RECORDS FOR THIS TASK
══════

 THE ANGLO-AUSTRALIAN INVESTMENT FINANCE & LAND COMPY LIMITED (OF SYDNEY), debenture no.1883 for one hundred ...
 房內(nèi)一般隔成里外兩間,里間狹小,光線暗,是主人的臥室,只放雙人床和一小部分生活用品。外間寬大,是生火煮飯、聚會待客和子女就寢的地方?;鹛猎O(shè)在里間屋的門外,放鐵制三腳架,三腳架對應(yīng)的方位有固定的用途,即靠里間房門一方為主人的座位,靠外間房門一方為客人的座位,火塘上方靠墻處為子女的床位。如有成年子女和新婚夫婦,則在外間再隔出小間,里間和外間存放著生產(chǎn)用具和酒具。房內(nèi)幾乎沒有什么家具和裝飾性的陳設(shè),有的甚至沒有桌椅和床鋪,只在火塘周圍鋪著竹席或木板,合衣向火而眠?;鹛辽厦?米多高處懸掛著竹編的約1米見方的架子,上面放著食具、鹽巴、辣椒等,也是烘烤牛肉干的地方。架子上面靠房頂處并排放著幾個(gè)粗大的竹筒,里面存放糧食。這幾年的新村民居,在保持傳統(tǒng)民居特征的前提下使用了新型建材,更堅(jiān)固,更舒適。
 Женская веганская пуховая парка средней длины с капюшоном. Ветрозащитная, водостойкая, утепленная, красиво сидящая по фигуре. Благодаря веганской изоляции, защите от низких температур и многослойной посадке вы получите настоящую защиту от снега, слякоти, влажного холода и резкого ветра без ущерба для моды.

══════

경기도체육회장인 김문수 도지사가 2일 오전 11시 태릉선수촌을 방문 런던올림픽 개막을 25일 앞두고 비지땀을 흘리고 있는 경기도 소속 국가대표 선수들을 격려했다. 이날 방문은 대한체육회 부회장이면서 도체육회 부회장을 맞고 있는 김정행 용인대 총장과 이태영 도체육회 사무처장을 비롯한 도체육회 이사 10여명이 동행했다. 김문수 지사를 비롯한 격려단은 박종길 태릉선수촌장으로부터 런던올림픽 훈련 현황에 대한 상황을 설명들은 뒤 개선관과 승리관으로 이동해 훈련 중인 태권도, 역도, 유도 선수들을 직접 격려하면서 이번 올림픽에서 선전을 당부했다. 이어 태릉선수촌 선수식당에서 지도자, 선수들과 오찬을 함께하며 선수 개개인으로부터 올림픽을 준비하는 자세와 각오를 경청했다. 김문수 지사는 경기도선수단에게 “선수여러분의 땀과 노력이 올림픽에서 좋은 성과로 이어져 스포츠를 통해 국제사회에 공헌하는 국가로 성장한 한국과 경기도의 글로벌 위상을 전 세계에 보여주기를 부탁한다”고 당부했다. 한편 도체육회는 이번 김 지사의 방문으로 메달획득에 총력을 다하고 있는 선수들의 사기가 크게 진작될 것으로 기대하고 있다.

══════

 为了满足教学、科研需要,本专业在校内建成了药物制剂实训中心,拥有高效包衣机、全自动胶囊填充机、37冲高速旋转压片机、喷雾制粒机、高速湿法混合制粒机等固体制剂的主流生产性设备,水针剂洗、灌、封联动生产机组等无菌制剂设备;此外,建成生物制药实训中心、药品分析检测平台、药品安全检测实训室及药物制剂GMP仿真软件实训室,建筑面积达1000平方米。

══════

EXERCISE REQUIREMENTS
Look above for the line with "房內(nèi)一般隔成里外兩" and the line with "Женская веганская пуховая", and reproduce exactly those two lines plus every line between, nothing more.

TASK SOLUTION
 房內(nèi)一般隔成里外兩間,里間狹小,光線暗,是主人的臥室,只放雙人床和一小部分生活用品。外間寬大,是生火煮飯、聚會待客和子女就寢的地方?;鹛猎O(shè)在里間屋的門外,放鐵制三腳架,三腳架對應(yīng)的方位有固定的用途,即靠里間房門一方為主人的座位,靠外間房門一方為客人的座位,火塘上方靠墻處為子女的床位。如有成年子女和新婚夫婦,則在外間再隔出小間,里間和外間存放著生產(chǎn)用具和酒具。房內(nèi)幾乎沒有什么家具和裝飾性的陳設(shè),有的甚至沒有桌椅和床鋪,只在火塘周圍鋪著竹席或木板,合衣向火而眠?;鹛辽厦?米多高處懸掛著竹編的約1米見方的架子,上面放著食具、鹽巴、辣椒等,也是烘烤牛肉干的地方。架子上面靠房頂處并排放著幾個(gè)粗大的竹筒,里面存放糧食。這幾年的新村民居,在保持傳統(tǒng)民居特征的前提下使用了新型建材,更堅(jiān)固,更舒適。
 Женская веганская пуховая парка средней длины с капюшоном. Ветрозащитная, водостойкая, утепленная, красиво сидящая по фигуре. Благодаря веганской изоляции, защите от низких температур и многослойной посадке вы получите настоящую защиту от снега, слякоти, влажного холода и резкого ветра без ущерба для моды.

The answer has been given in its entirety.